__Requirement__
All of the data should be restated word for word, with the pictures omitted.

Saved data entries
- Opening Delimiter -
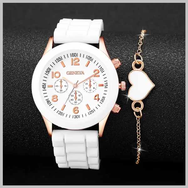 Elegáns ajándékkészlet – szilikon szíjas kvarc karóra világtérképes számlappal és szív alakú karkötővel – nőies kiegészítő hétköznapokra és különleges alkalmakra
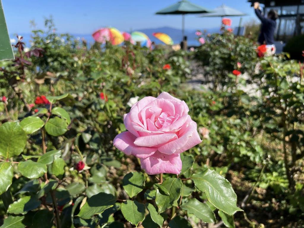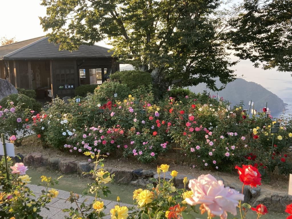 美浜町と若狭町にまたがるレインボーライン山頂公園は三方五湖の美しい大パノラマと恋人の聖地で知られています。毎年、春と秋に約110種600株のバラが咲き誇ります。秋のバラは形が乱れにくく色が長持ちするのが特徴であり、若狭湾や三方五湖の青や木々の緑とのコントラストが楽しめます。現在、ローズフェアが開催されています(11月24日(月・振休)まで)。
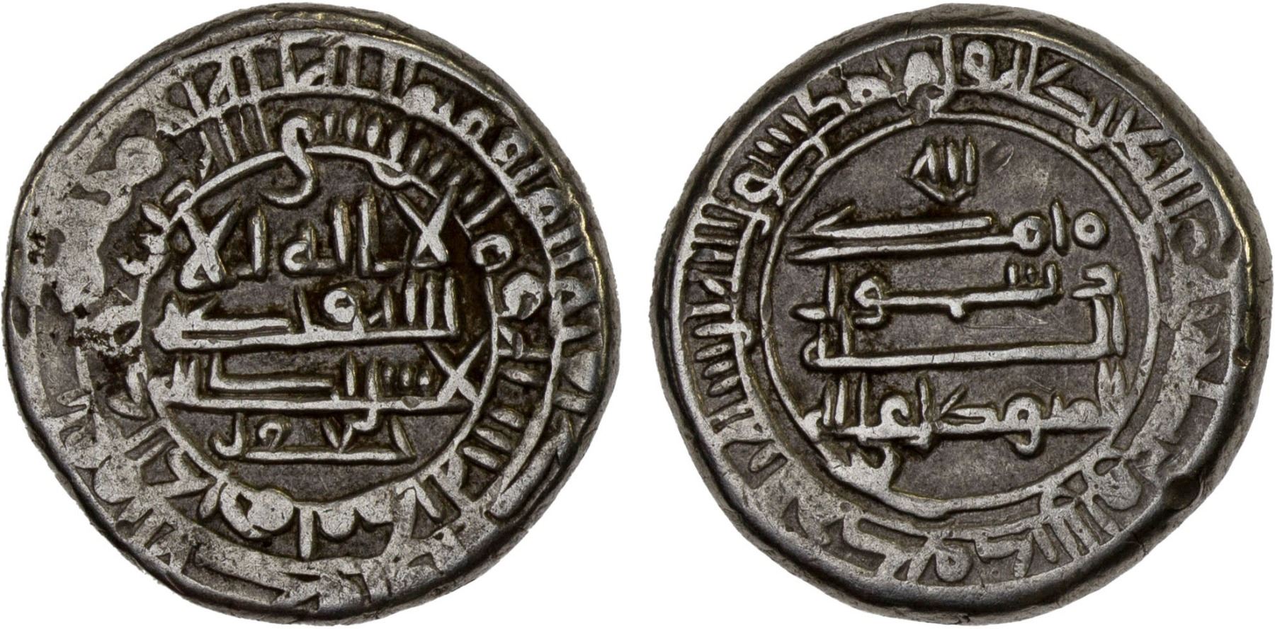 ABBASID OF YEMEN: al-Mutawakkil, 847-861, AR dirham (5.18g), AH"200", A-1053N, citing Ja'far below the obverse, with the mint/date formula bi-makiya sana wa mi'tayn, with the mint name either makka with an extra tooth or madina missing one tooth, now regarded as a contemporary imitation from eastern sources (modern Afghanistan or Pakistan), perhaps intended as a souvenir for the Hajj; probably finest known example of this interesting type, VF-XF, RRR. The name Ja'far appears below the obverse field, known on Yemeni gold dinars of al-Wathiq struck at San'a and dated AH232 and of al-Mutawakkil dated 234-235.
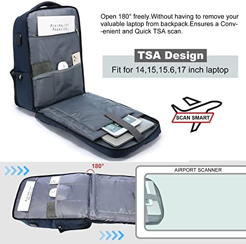 🔒【Anti Theft & TSA Design】: With anti theft lock and a hidden pocket on the back, this business work backpack protect your purse, passport, phone and valuable items from thieves. Smart TSA design allows you to quickly pass through airport security checkpoints without having to remove your valuable laptop from backpack.
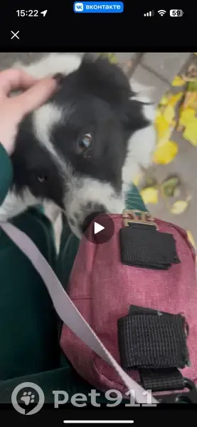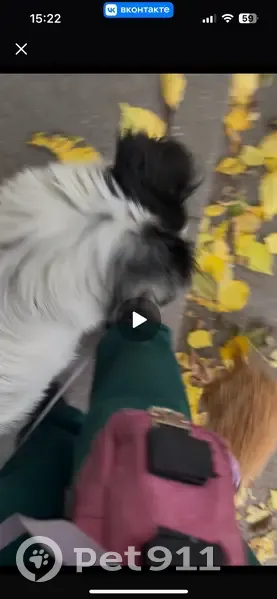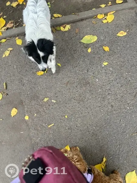 Гуляли с щенком, встретили собаку с зеленым ошейником, без поводка. Ласковый, добрый, ластится. Окрас шерсть белая, подшерсток чёрный, с черными пятнышками
- Closing Delimiter -
__Task output__
 Elegáns ajándékkészlet – szilikon szíjas kvarc karóra világtérképes számlappal és szív alakú karkötővel – nőies kiegészítő hétköznapokra és különleges alkalmakra
 美浜町と若狭町にまたがるレインボーライン山頂公園は三方五湖の美しい大パノラマと恋人の聖地で知られています。毎年、春と秋に約110種600株のバラが咲き誇ります。秋のバラは形が乱れにくく色が長持ちするのが特徴であり、若狭湾や三方五湖の青や木々の緑とのコントラストが楽しめます。現在、ローズフェアが開催されています(11月24日(月・振休)まで)。
 ABBASID OF YEMEN: al-Mutawakkil, 847-861, AR dirham (5.18g), AH"200", A-1053N, citing Ja'far below the obverse, with the mint/date formula bi-makiya sana wa mi'tayn, with the mint name either makka with an extra tooth or madina missing one tooth, now regarded as a contemporary imitation from eastern sources (modern Afghanistan or Pakistan), perhaps intended as a souvenir for the Hajj; probably finest known example of this interesting type, VF-XF, RRR. The name Ja'far appears below the obverse field, known on Yemeni gold dinars of al-Wathiq struck at San'a and dated AH232 and of al-Mutawakkil dated 234-235.
 🔒【Anti Theft & TSA Design】: With anti theft lock and a hidden pocket on the back, this business work backpack protect your purse, passport, phone and valuable items from thieves. Smart TSA design allows you to quickly pass through airport security checkpoints without having to remove your valuable laptop from backpack.
 Гуляли с щенком, встретили собаку с зеленым ошейником, без поводка. Ласковый, добрый, ластится. Окрас шерсть белая, подшерсток чёрный, с черными пятнышками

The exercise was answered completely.